Reducing the speed limits will do nothing to improve safety just as long it's hardly enforced now, and that cyclists and pedestrians continue to flout the laws. In reality, reducing the speed limits will mostly punish the law abiding motorists. Looking at that picture, this is just another PR stunt by Transportation Alternatives, who is known for having a personal bias against cars, just to promote their agenda. If you asked me, those families are just being exploited while Paul Steely White probably couldn't care less about them. Let's not forget that even if all motorists were obeying the speed limit, you still have all those pedestrians and cyclists that hardly follow the laws themselves, which gives them no moral legitimacy to all others what to do. Also, if some bothered to look at the cause of the accidents rather than the effects, they might notice that the motorist wasn't solely responsible for their actions. For the record, I do give my condolences for those who got hit, but this doesn't mean that a group as a whole must suffer just because of the actions of a few.

Feb. 26 2014 11:24 AM
Marie from Manhattan

Give the police department's traffic patrol the right to enforce the laws. Cars run red lights or speed past them when they are trying to direct traffic. Pedestrians ignore don't walk signs. Make use of the current staff and let them impose fines.

Feb. 24 2014 05:33 PM
Mary from Queens

I am my brother's keeper. It is reasonable and correct to lower speed limits in residential areas and on roads with high pedestrian usage. A person of any size is no match for a ton+ of steel going 30 mph. More than likely when the speed limit is 30, the driver is going 35-40. Our need for speed, our hurry, and our multi-tasking contribute to us putting aside our attention to safety. Why the rush if the risk is causing harm to a person or being responsible for his/her death? Education is equally important but we also need to get back to seeing each other as people rather than obstacles that get in our way of getting to our destination.

Feb. 24 2014 02:20 PM
Marina from New York

Again, an excessive reaction. It isn't the speed; it is the awful driving habits and ridiculous penalties for such accidents. Killing someone using a car is vehicular manslaughter and should be treated as such with the maximum penalties involved including revoking the license.It is a different thing if a car/driver has a real problem and somehow jumps a curb; all the circumstances need to be taken into consideration. But killing someone in a crosswalk where pedestrians have THE RIGHT OF WAY is inexcusable. And by the way, how about fining people who cross the street while texting (hence their heads are buried in the screen) or talking on their phones (hence their attention is totally distracted?) Drivers are not allowed to talk on handheld devices while they drive; pedestrians should have tickets for talking while walking on road pavements.I am both a driver and a pedestrian. It drives me crazy how New Yorkers play chicken with a lethal weapon and likewise, how bad drivers play Road Kill with vulnerable people. Co-existence is the mantra of city life; lowering an already very reasonable speed limit is absurd. How about enforcement of an already existing norm?

Feb. 24 2014 12:56 PM
Tina from East Harlem.

So true. I just wrote his office yesterday saying the plan isn't tough enough. Not only should these licenses be revoked and the drivers taken to court, 18 wheelers should not be allowed in the City. As if I was being heard, soon as I walked outside, an 18 wheeler was seen trying to turn right onto 117th St from Lexington--a near impossibility that took 10 minutes! Why on earth is this legal? These trucks kill our children as our streets were not designed for them. I've got photos of this absurd attempt last night.

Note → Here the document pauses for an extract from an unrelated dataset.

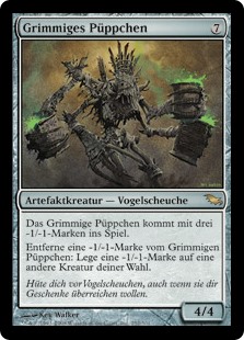 | Rules | Grim Poppet enters the battlefield with three -1/-1 counters on it. Remove a -1/-1 counter from Grim Poppet: Put a -1/-1 counter on another target creature. |

So glad WNYC is reporting on this.

Feb. 24 2014 11:21 AM

Vision Zero is smoke and mirrors. The only way to make our streets safe is to make it illegal to kill with a car/truck/bus/whatever. Send a message that killer drivers will be charged with a crime and sent to jail along with license revocation. But it will never happen because politicians aren't really interested in safety. There's too much money to be made from crashes. Some people go to work depending on crashes. And the State and City get a cut from their income via taxes.